▶ **DATA**:
================================

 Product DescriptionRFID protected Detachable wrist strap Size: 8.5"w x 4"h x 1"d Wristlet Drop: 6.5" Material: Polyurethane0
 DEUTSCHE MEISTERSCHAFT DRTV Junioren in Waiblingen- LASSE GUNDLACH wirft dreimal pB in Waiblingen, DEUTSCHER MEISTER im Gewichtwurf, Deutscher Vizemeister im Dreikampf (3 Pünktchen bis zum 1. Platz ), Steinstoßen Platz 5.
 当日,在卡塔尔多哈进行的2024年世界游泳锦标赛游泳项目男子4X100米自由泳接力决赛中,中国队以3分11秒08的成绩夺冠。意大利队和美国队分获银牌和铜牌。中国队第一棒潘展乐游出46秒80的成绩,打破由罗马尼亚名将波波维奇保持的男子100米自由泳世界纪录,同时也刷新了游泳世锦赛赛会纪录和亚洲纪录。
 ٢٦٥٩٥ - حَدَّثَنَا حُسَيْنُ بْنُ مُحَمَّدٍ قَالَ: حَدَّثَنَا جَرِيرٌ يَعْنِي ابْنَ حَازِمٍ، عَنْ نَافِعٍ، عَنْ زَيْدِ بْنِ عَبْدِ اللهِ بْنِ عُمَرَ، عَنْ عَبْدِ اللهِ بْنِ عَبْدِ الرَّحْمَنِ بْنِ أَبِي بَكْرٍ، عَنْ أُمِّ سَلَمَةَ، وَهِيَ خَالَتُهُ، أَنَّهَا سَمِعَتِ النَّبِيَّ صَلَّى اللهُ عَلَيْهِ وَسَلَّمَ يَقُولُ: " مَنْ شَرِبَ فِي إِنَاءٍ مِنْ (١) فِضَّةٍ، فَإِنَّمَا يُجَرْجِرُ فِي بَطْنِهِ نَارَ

================================

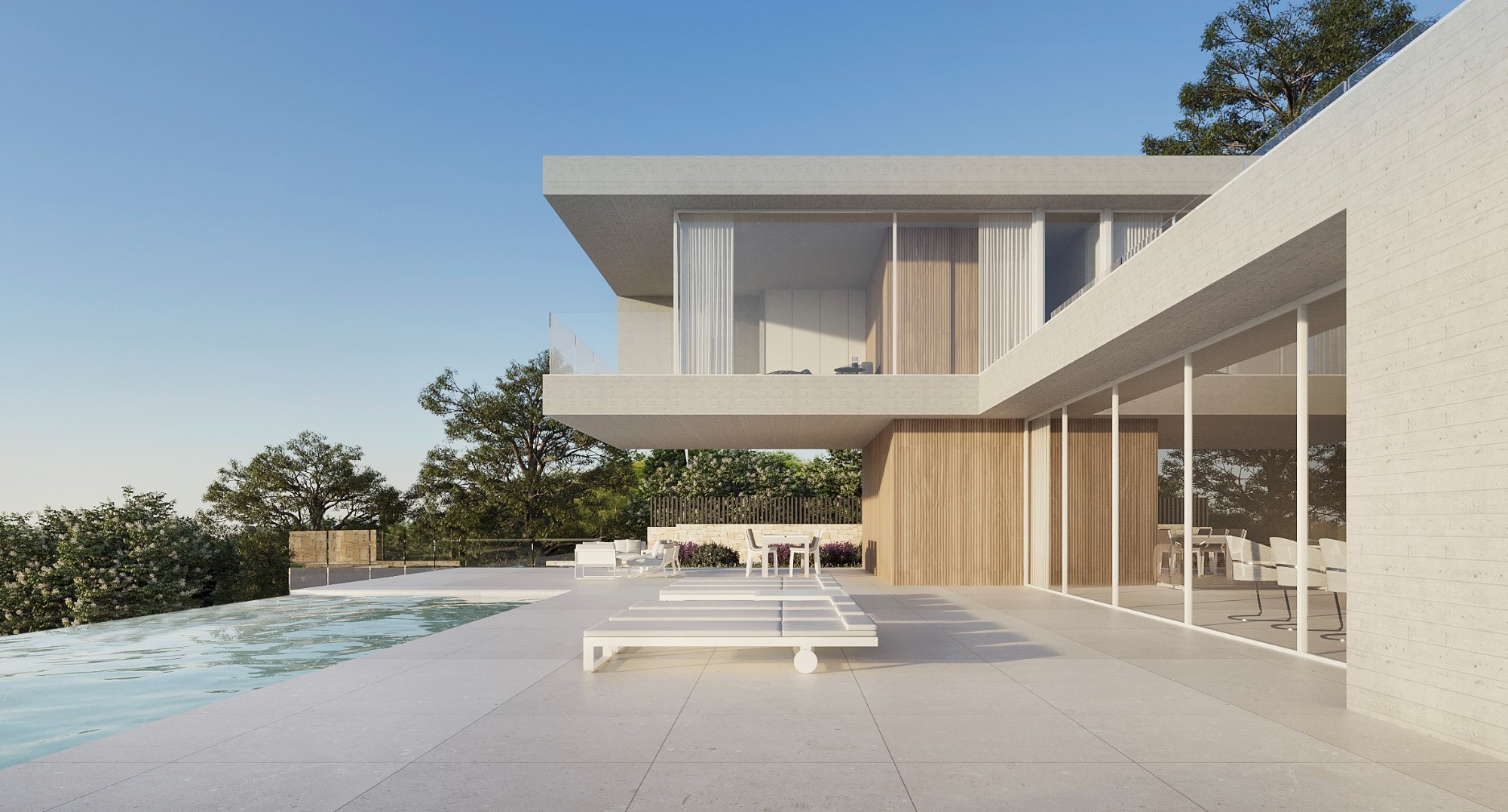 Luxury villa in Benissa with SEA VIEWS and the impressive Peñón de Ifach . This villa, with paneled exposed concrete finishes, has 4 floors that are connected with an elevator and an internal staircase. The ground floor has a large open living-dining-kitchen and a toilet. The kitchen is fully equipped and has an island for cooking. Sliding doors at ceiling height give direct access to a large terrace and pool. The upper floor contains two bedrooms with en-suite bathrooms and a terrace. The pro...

================================

▶ **TASK DIRECTIONS**:
With the line holding "当日,在卡塔尔多哈进行的20" as the first and the line holding "٢٦٥٩٥ - حَدَّثَنَا" as the last, please transcribe exactly the lines of the material above in that range and nothing else.

▶ **RESULT**:
 当日,在卡塔尔多哈进行的2024年世界游泳锦标赛游泳项目男子4X100米自由泳接力决赛中,中国队以3分11秒08的成绩夺冠。意大利队和美国队分获银牌和铜牌。中国队第一棒潘展乐游出46秒80的成绩,打破由罗马尼亚名将波波维奇保持的男子100米自由泳世界纪录,同时也刷新了游泳世锦赛赛会纪录和亚洲纪录。
 ٢٦٥٩٥ - حَدَّثَنَا حُسَيْنُ بْنُ مُحَمَّدٍ قَالَ: حَدَّثَنَا جَرِيرٌ يَعْنِي ابْنَ حَازِمٍ، عَنْ نَافِعٍ، عَنْ زَيْدِ بْنِ عَبْدِ اللهِ بْنِ عُمَرَ، عَنْ عَبْدِ اللهِ بْنِ عَبْدِ الرَّحْمَنِ بْنِ أَبِي بَكْرٍ، عَنْ أُمِّ سَلَمَةَ، وَهِيَ خَالَتُهُ، أَنَّهَا سَمِعَتِ النَّبِيَّ صَلَّى اللهُ عَلَيْهِ وَسَلَّمَ يَقُولُ: " مَنْ شَرِبَ فِي إِنَاءٍ مِنْ (١) فِضَّةٍ، فَإِنَّمَا يُجَرْجِرُ فِي بَطْنِهِ نَارَ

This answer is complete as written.